(Exercise aim): Without including the images, transcribe each record precisely as it appears below.

Excerpts from a dataset:

========================================================================

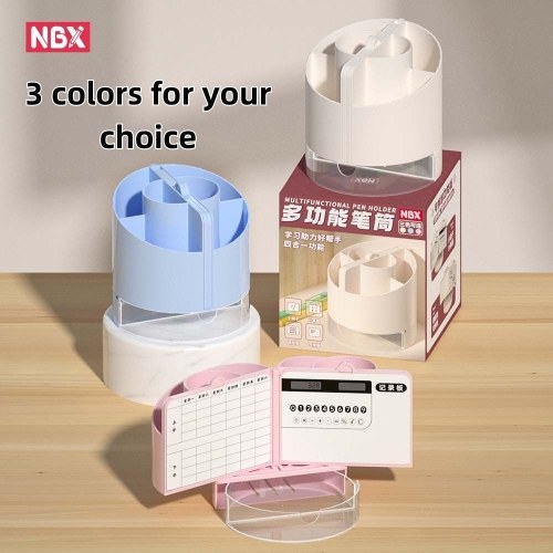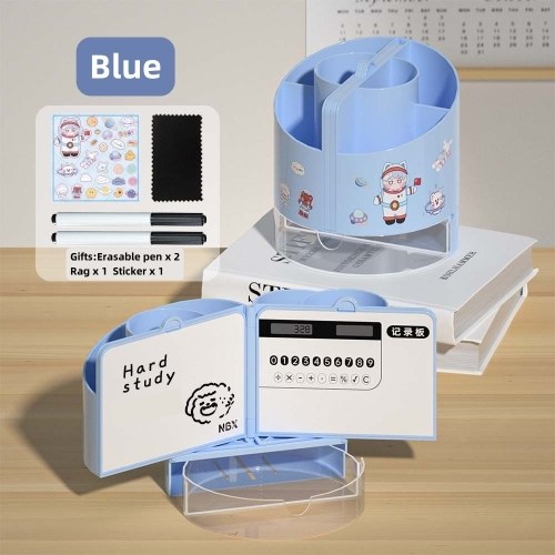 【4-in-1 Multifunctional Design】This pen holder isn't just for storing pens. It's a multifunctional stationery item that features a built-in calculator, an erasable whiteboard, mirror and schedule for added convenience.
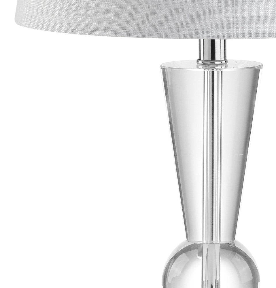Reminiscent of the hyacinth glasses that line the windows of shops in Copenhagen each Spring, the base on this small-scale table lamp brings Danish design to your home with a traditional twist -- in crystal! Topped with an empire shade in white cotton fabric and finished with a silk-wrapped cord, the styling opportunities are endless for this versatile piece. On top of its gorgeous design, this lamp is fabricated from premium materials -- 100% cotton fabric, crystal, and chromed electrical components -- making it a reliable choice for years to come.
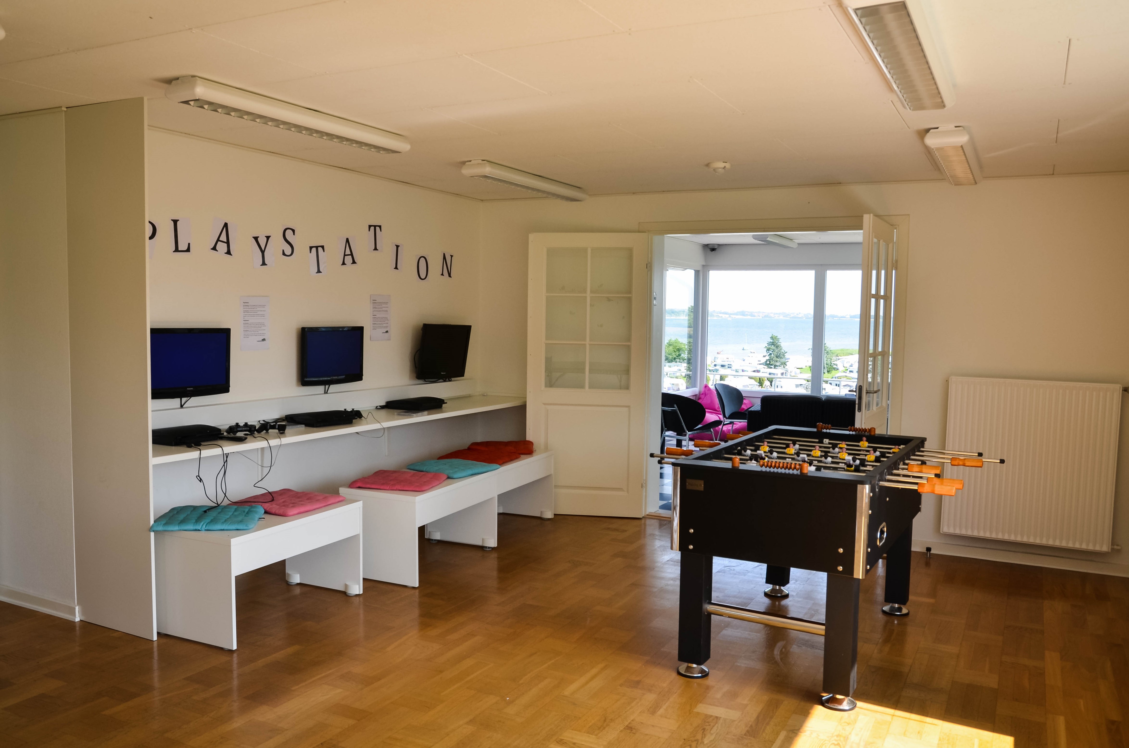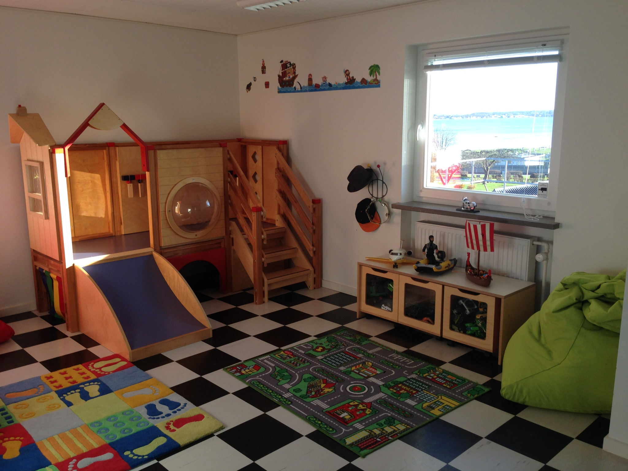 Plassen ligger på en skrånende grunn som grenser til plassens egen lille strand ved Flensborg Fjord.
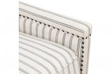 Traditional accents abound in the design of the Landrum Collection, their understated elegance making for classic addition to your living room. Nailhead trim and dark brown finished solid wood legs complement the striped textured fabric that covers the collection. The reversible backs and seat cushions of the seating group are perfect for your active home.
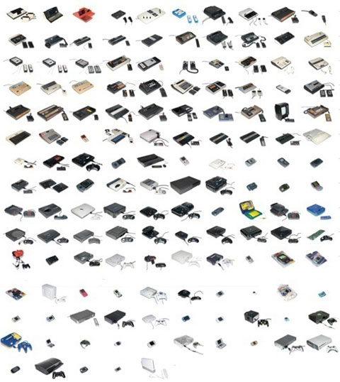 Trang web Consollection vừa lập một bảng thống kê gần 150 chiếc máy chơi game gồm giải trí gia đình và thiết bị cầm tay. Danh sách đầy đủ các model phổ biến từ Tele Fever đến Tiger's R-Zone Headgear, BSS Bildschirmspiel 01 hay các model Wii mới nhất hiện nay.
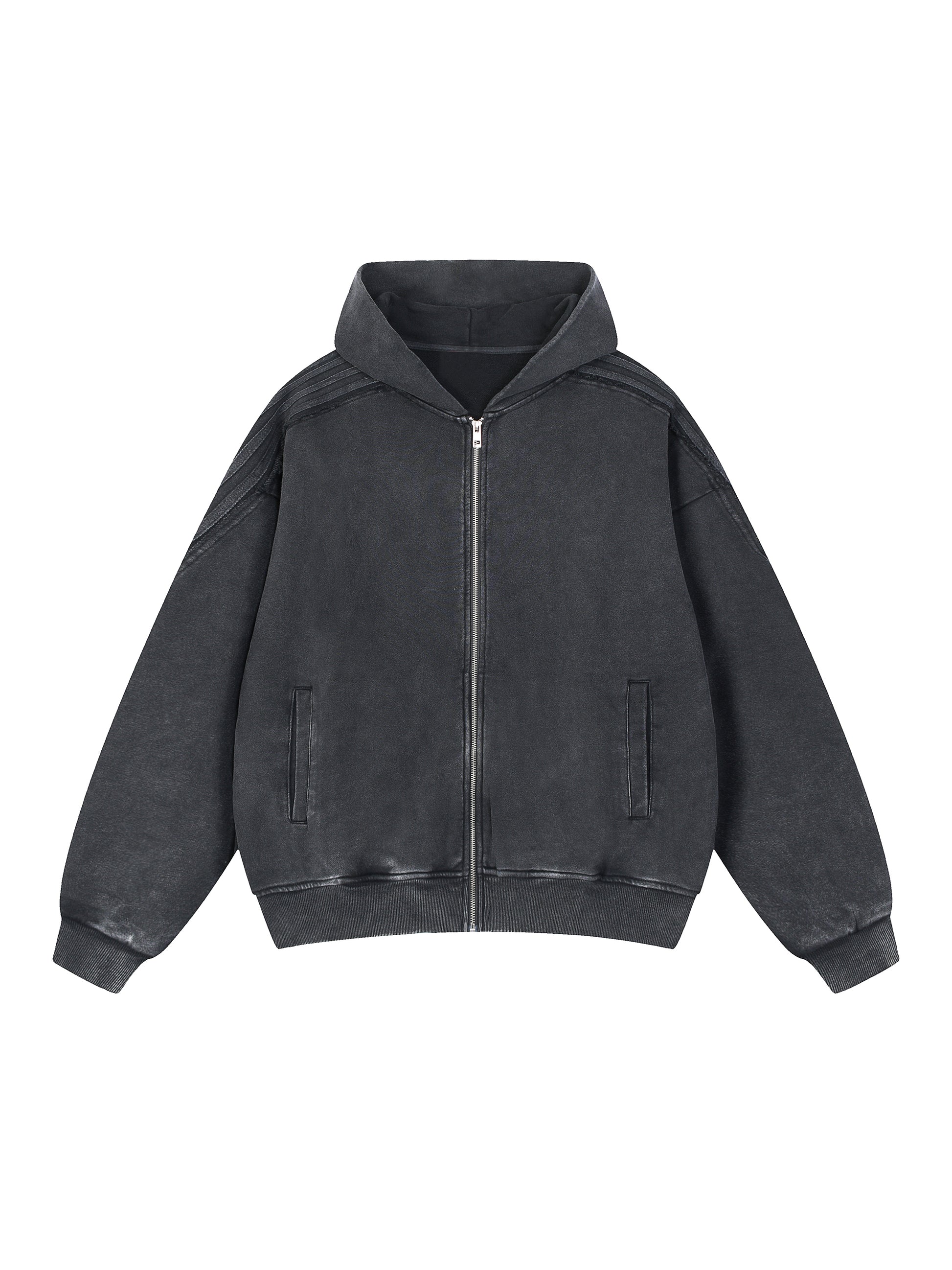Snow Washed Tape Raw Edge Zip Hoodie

========================================================================

(The answer):
 【4-in-1 Multifunctional Design】This pen holder isn't just for storing pens. It's a multifunctional stationery item that features a built-in calculator, an erasable whiteboard, mirror and schedule for added convenience.
Reminiscent of the hyacinth glasses that line the windows of shops in Copenhagen each Spring, the base on this small-scale table lamp brings Danish design to your home with a traditional twist -- in crystal! Topped with an empire shade in white cotton fabric and finished with a silk-wrapped cord, the styling opportunities are endless for this versatile piece. On top of its gorgeous design, this lamp is fabricated from premium materials -- 100% cotton fabric, crystal, and chromed electrical components -- making it a reliable choice for years to come.
 Plassen ligger på en skrånende grunn som grenser til plassens egen lille strand ved Flensborg Fjord.
 Traditional accents abound in the design of the Landrum Collection, their understated elegance making for classic addition to your living room. Nailhead trim and dark brown finished solid wood legs complement the striped textured fabric that covers the collection. The reversible backs and seat cushions of the seating group are perfect for your active home.
 Trang web Consollection vừa lập một bảng thống kê gần 150 chiếc máy chơi game gồm giải trí gia đình và thiết bị cầm tay. Danh sách đầy đủ các model phổ biến từ Tele Fever đến Tiger's R-Zone Headgear, BSS Bildschirmspiel 01 hay các model Wii mới nhất hiện nay.
Snow Washed Tape Raw Edge Zip Hoodie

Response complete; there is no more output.